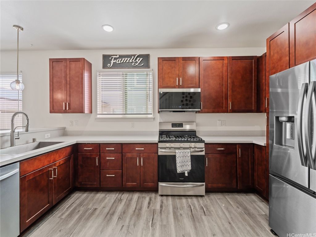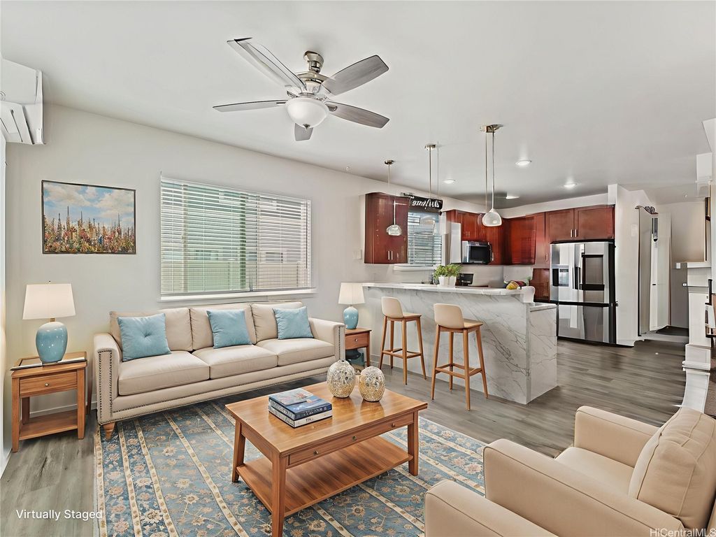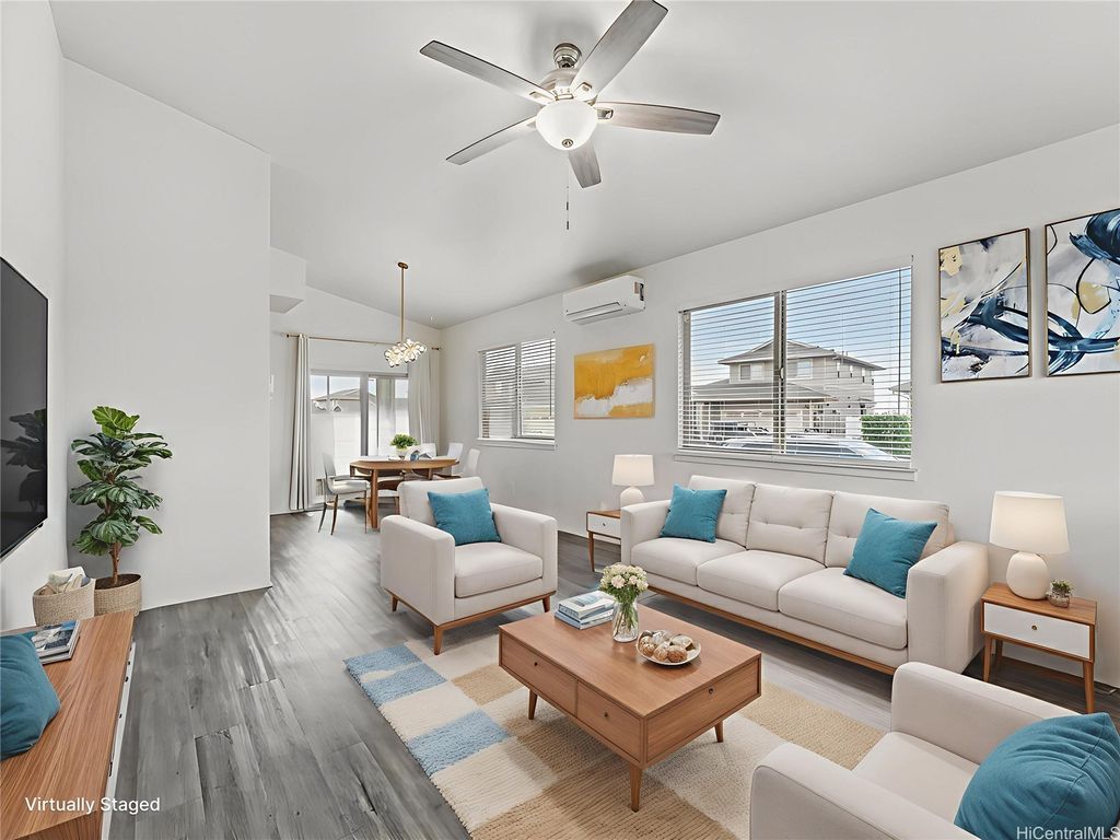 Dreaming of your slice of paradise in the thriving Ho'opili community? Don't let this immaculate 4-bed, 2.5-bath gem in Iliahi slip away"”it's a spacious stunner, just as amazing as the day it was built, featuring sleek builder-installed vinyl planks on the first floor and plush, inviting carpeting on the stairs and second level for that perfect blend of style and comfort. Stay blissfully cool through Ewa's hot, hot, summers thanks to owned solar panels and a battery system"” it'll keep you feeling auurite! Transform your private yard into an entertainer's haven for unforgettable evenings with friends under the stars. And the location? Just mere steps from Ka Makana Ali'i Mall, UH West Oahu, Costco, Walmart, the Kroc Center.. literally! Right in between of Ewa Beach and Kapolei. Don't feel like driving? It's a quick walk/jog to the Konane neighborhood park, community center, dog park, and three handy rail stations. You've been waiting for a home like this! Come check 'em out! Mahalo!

==

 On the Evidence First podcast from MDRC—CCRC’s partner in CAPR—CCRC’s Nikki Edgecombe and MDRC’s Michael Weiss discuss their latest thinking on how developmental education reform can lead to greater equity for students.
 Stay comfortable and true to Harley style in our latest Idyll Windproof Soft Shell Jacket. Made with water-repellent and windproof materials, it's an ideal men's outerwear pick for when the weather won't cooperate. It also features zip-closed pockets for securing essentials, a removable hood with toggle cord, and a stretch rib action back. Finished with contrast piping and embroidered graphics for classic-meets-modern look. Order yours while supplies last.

WHAT TO DO
In the listing above, start at the line with "On the Evidence", go on through the line with "Stay comfortable and", and copy each of those lines exactly; leave out all the rest.

OUTPUT FOR THIS EXERCISE
 On the Evidence First podcast from MDRC—CCRC’s partner in CAPR—CCRC’s Nikki Edgecombe and MDRC’s Michael Weiss discuss their latest thinking on how developmental education reform can lead to greater equity for students.
 Stay comfortable and true to Harley style in our latest Idyll Windproof Soft Shell Jacket. Made with water-repellent and windproof materials, it's an ideal men's outerwear pick for when the weather won't cooperate. It also features zip-closed pockets for securing essentials, a removable hood with toggle cord, and a stretch rib action back. Finished with contrast piping and embroidered graphics for classic-meets-modern look. Order yours while supplies last.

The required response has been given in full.